Qualitative rollouts illustrate coherent chaining of complex manipulation and viewpoint sequences, maintaining object identity and interaction outcomes across long horizons—where conventional baselines either lose track of objects or drift away from the instructed trajectory. Figure 3

Figure 3: Qualitative rollouts show both flexible navigation and object manipulation within single interactive sequences.

Figure 4

Figure 4: Comparative rollouts for long, multi-step interactions—ActWorld uniquely preserves both global scene coherence and precise manipulation sequence.

The ablation study confirms the cumulative efficacy of the memory components: EAFR and ACHA each incrementally improve instruction-following and subject consistency, while event/object persistent memory modules deliver the largest performance jump.

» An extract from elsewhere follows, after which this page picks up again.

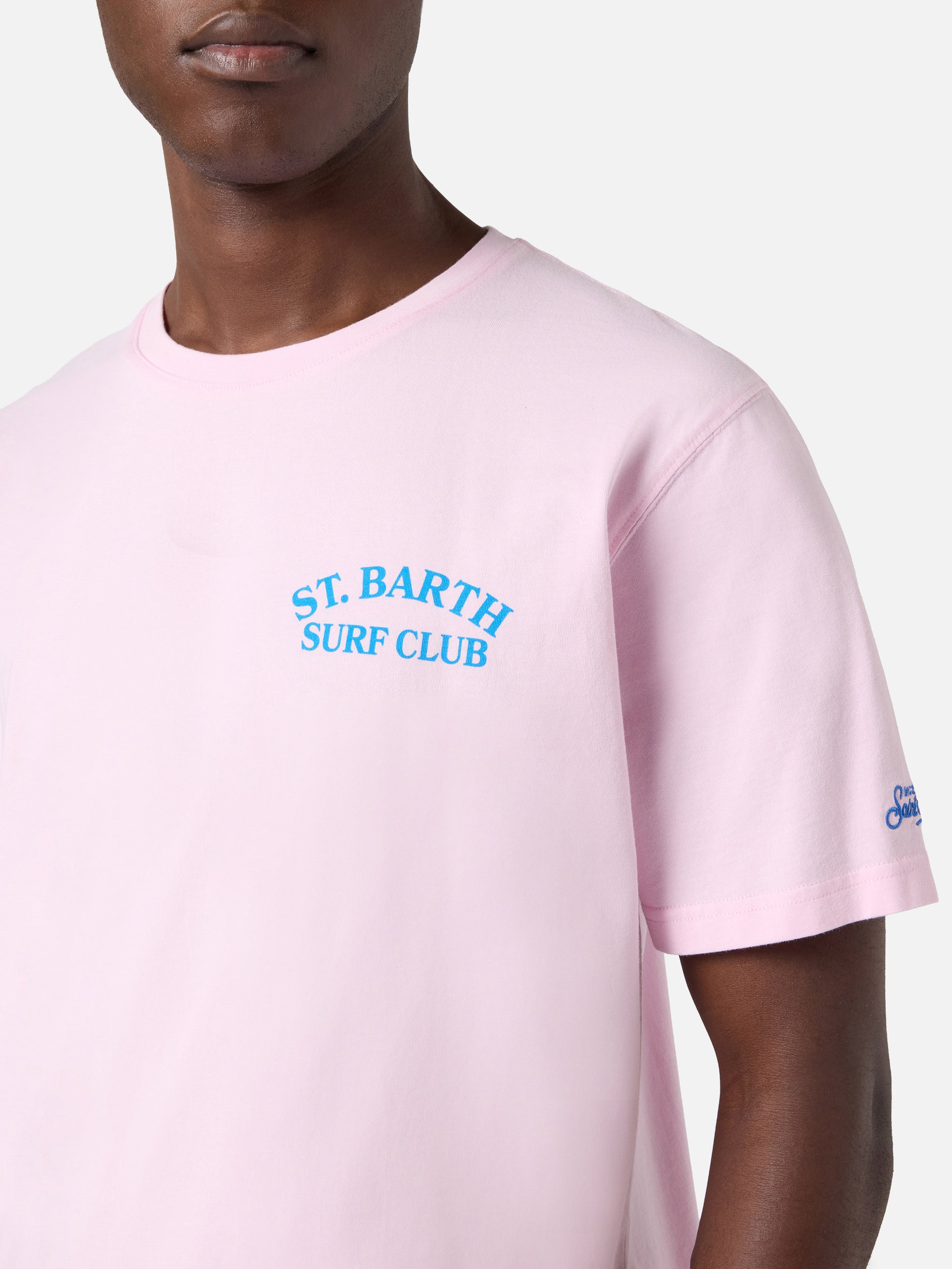 Pink Portland t-shirt with St. Barth Surf Club print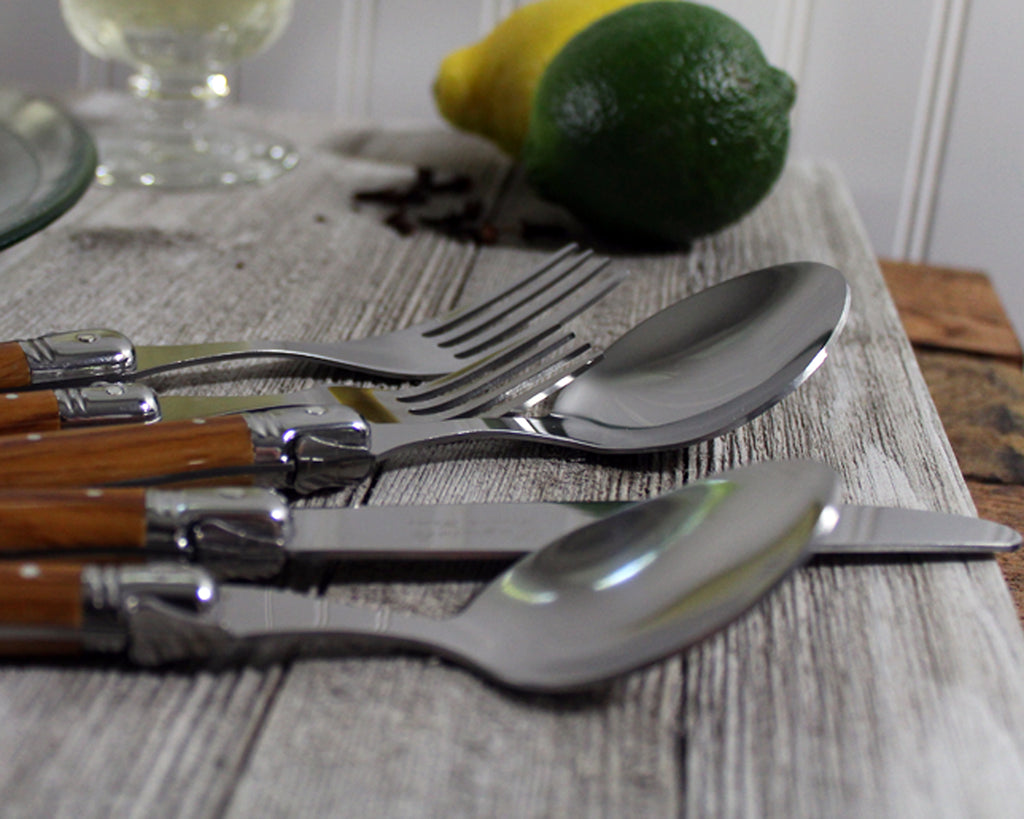 French Home's traditional and elegant Laguiole design with the iconic three Rivet curved handle and Bee emblem is comfortable to hold and perfectly balanced. Ideal for casual or formal dining, the fully tanged 20 piece stainless steel set has faux wood handles and is dishwasher safe. Laguiole is a town in France where this style of cutlery originated. Set includes four 9.25" dinner knives, four 8.5" dinner forks, four 8.25" soup spoons, four 7.25" salad forks and four 7.25" dessert spoons.

Practical and Theoretical Implications

By integrating high-fidelity, event-conditioned memory and object-centric persistent slots, ActWorld succeeds in bridging the navigation–interaction gap endemic to prior world models. This architecture enables a single model to maintain fine-grained state over both manipulated objects and scene geometry during unrestricted, keyboard/mouse- or prompt-driven exploration. The plug-and-play memory designs (zero-initialization invariants) allow retrofitting onto large pre-trained DiT backbones, facilitating future transfer across corpora or model families.

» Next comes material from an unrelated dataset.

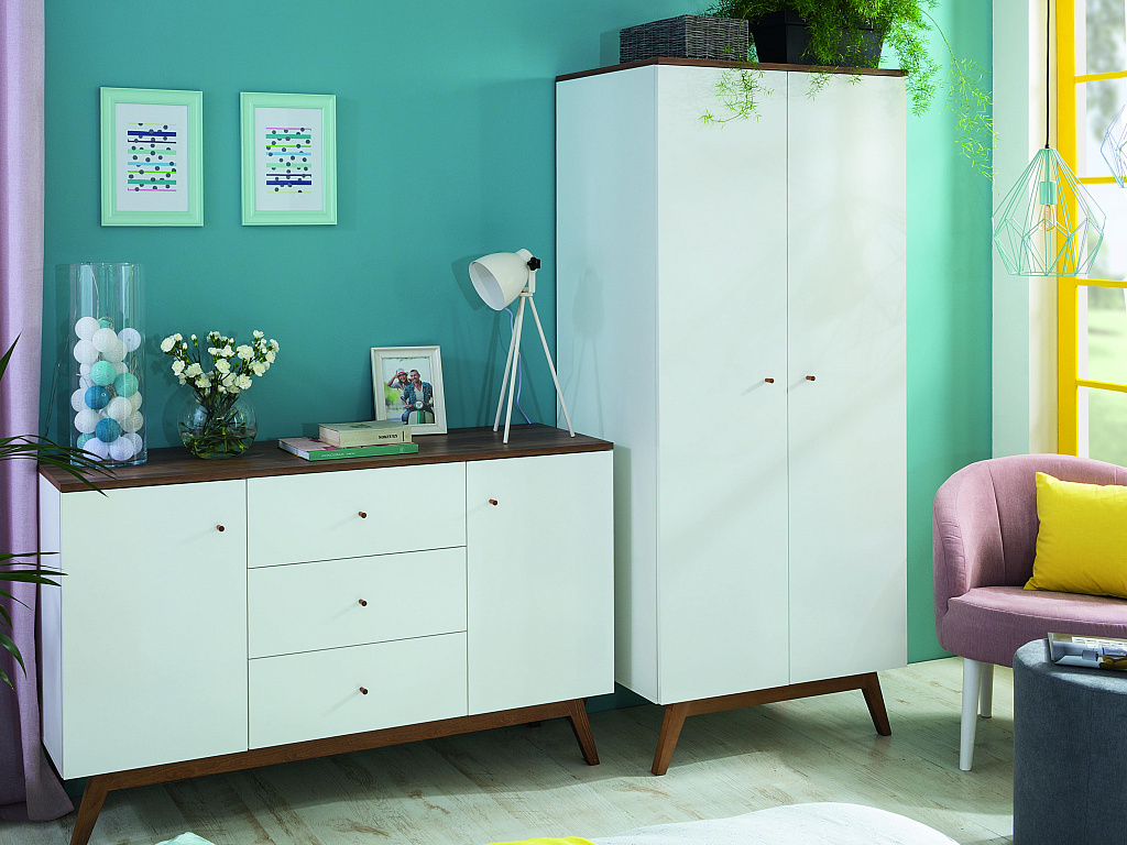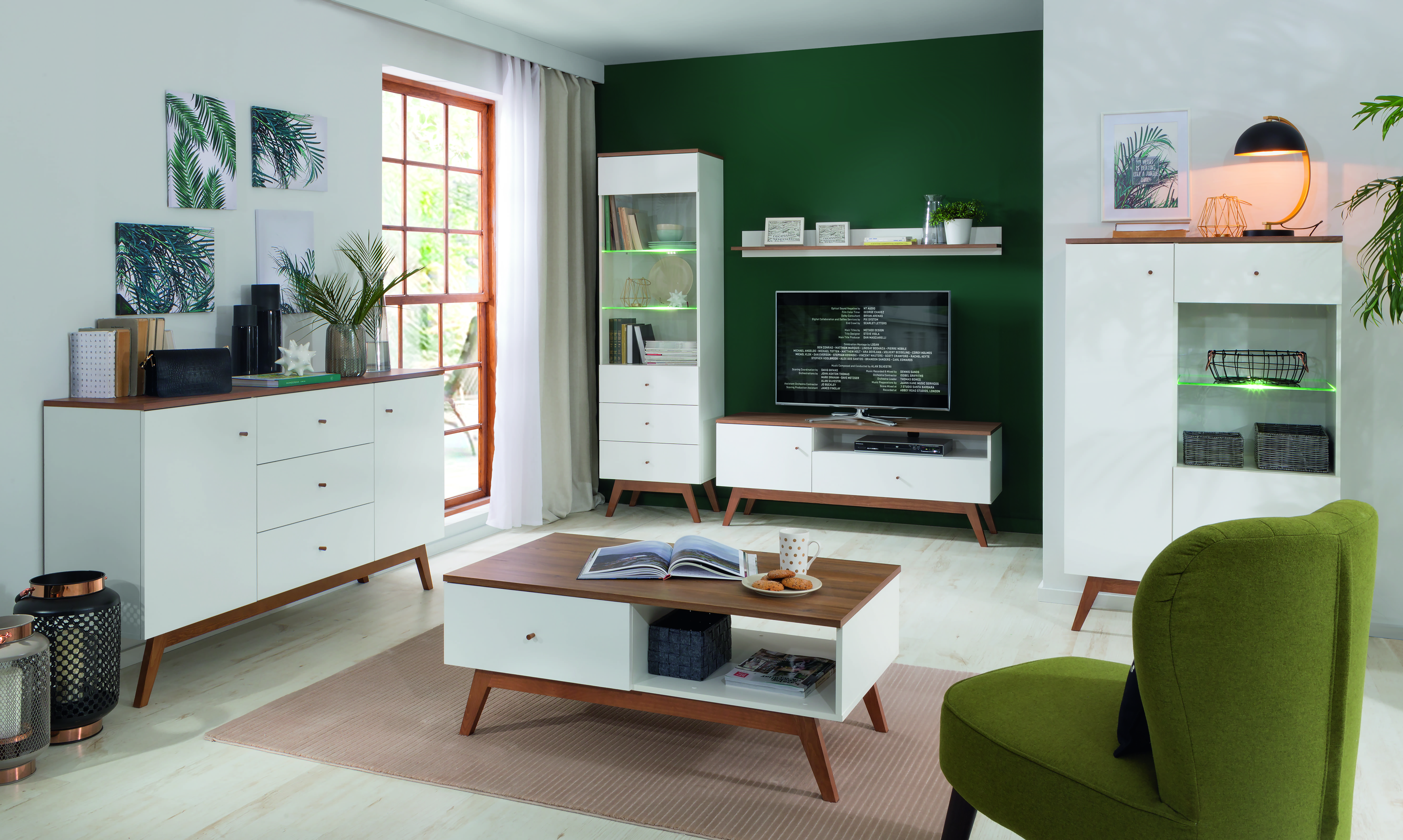 код 151991Комплект мебели для гостиной в стиле сканди с белыми глянцевыми фасадами. Материал: ЛДСП.

In practical terms, this capability is directly significant for domains requiring interactive, flexible response with persistent object awareness—such as embodied AI, open-world content creation, robotics simulation, autonomous driving, and real-time, AI-generated gameplay.

Future Directions

Potential avenues for extension include:

  • Integration of multi-agent or multiplayer scenarios, leveraging persistent memory for inter-agent object tracking.
  • Scaling to high-dimensional real-world scenes with open-vocabulary actions.
  • Cross-modal and continuous-command conditioning, moving beyond discrete key/mouse input and integrating richer agent–environment interfaces.
  • Automation of dataset annotation via more advanced, possibly self-supervised, VLM reasoning for chunk-level segmentation.
  • Downstream policy learning for embodied agents leveraging ActWorld as a high-fidelity simulator with true actionability.

Conclusion

ActWorld establishes a new standard in interactive world modeling by enabling unified, real-time simulation of both navigation and fine-grained object manipulation via hierarchical, action-aware memory. It empirically resolves the architectural and memory bottlenecks concomitant with prior navigation-centric models, demonstrating that explicit event- and object-level persistent memory is both technically feasible and essential for bridging the gap between explorable and actionable virtual worlds. The approach points toward a future of world models capable of serving as dynamically interactive simulators for a broad spectrum of embodied and multi-agent AI systems. Figure 5

Figure 5: Additional examples generated by ActWorld, showcasing diverse and coherent interaction behaviors over extended horizons.